J.W. Lockett

No. 35, 37, 34
- Position: Fullback

Personal information
- Born: February 23, 1937 Bardwell, Texas, U.S.
- Died: December 14, 1999 (aged 62) Baltimore, Maryland, U.S.
- Listed height: 6 ft 2 in (1.88 m)
- Listed weight: 226 lb (103 kg)

Career information
- High school: Booker T. Washington (Tulsa, Oklahoma)
- College: Central Oklahoma
- NFL draft: 1961 (undrafted)

Career history
- San Francisco 49ers (1961); Dallas Cowboys (1961–1962); Baltimore Colts (1963); Washington Redskins (1964); Montreal Alouettes (1965–1966);

Awards and highlights
- NFL All-rookie team (1961); 2× All-Oklahoma Collegiate Athletic Conference (1958, 1959); Honorable-mention NAIA All-American (1958); NAIA All-American (1959);

Career NFL statistics
- Rushing yards: 770
- Rushing average: 3.4
- Receptions: 62
- Receiving yards: 589
- Total touchdowns: 10
- Stats at Pro Football Reference

= J. W. Lockett =

American football player (1937–1999)

John "J. W." Lockett (February 23, 1937 – December 14, 1999) was an American professional football fullback in the National Football League (NFL) for the San Francisco 49ers, Dallas Cowboys, Baltimore Colts and the Washington Redskins. He also was a member of the Montreal Alouettes in the Canadian Football League (CFL). He played college football at the University of Central Oklahoma.

==Early life==
Lockett attended Booker T. Washington High School, where he received all-state honors in football, baseball and basketball. After graduating, he played one season of minor league baseball in the Los Angeles Dodgers farm system, before moving on to the University of Central Oklahoma.
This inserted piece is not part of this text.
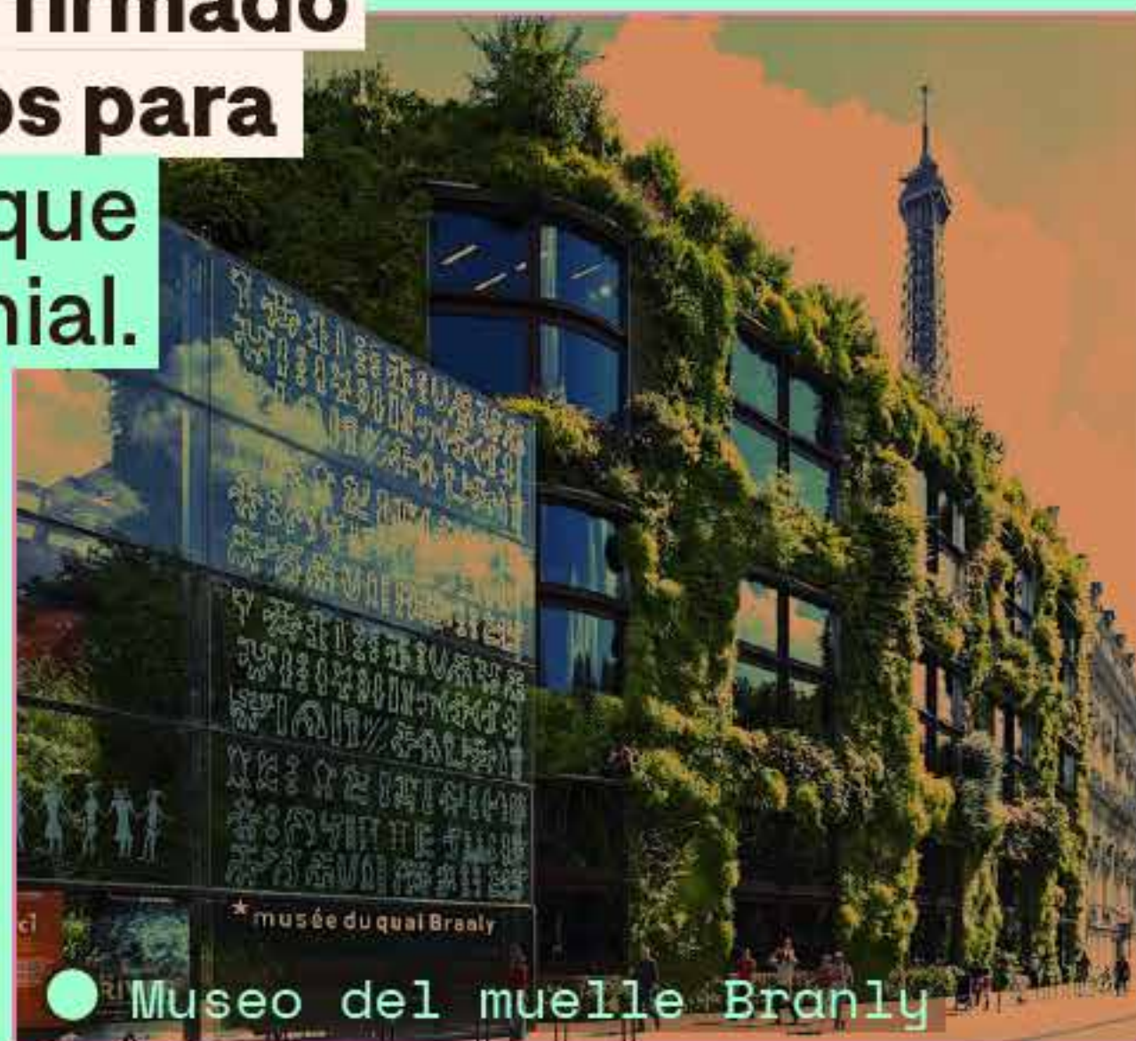
● Museo del muelle Branly

He became a four-year starter in football, playing guard and center as a freshman and as a two-way player at tight end and defensive end in his last three years. He also lettered in baseball, basketball and track.
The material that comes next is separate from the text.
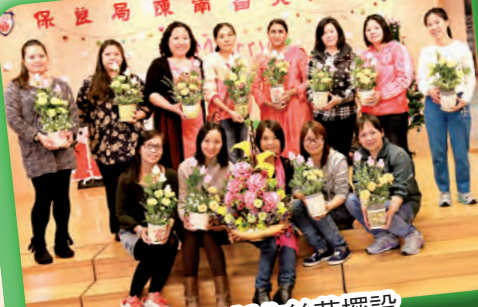
家長們一同製作絲花擺設

In 2005, he was inducted into the University of Central Oklahoma Athletics Hall of Fame.

Lockett was inducted posthumously into Booker T. Washington's 2022 Ring of Honor class during a ceremony between the Hornets’ basketball games against Bixby on Friday night, Feb 4, 2022 at Nathan E. Harris Fieldhouse.

==Professional career==

===San Francisco 49ers===
Lockett was signed as an undrafted free agent by the San Francisco 49ers after the 1961 NFL draft. He was tried at defensive end, before being moved to fullback, even though he had never played that position. On September 25, after two games, he was traded to the Dallas Cowboys in exchange for a draft choice.

===Dallas Cowboys===
In 1961, he started 7 games at fullback and was named to the NFL All-rookie team at the end of the year. On June 29, 1963, he was traded to the Baltimore Colts in exchange for a third round draft choice (#36-Ode Burrell).

===Baltimore Colts===
Lockett began the 1963 season as the starter at fullback, until being passed on the depth chart by Jerry Hill. He finished as the team's third leading runner (273 yards).
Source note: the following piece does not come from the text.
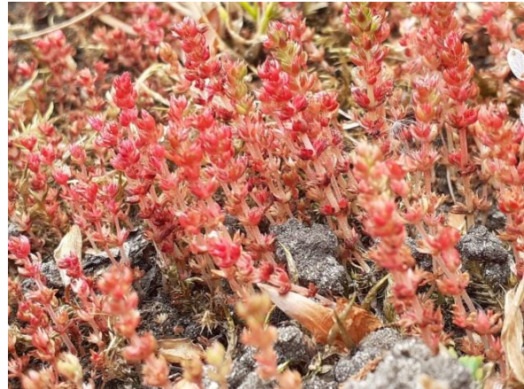
Foto 3 Mosbloempje

On February 1, 1964, he was traded to the Washington Redskins in exchange for a fourth round draft choice (#49-Marty Schottenheimer).

===Washington Redskins===
In 1964, he was a reserve player. In 1965, he did not report for the start of training camp and was released on August 20.

===Montreal Alouettes===
In 1965, he was signed by the Montreal Alouettes of the Canadian Football League and finished the season as the team's leading rusher, playing 12 games, gaining 683 yards on 181 carries, the longest for 29 yards, and 8 touchdowns. In 1966, he only played in 2 games, collecting 103 yards on 22 attempts.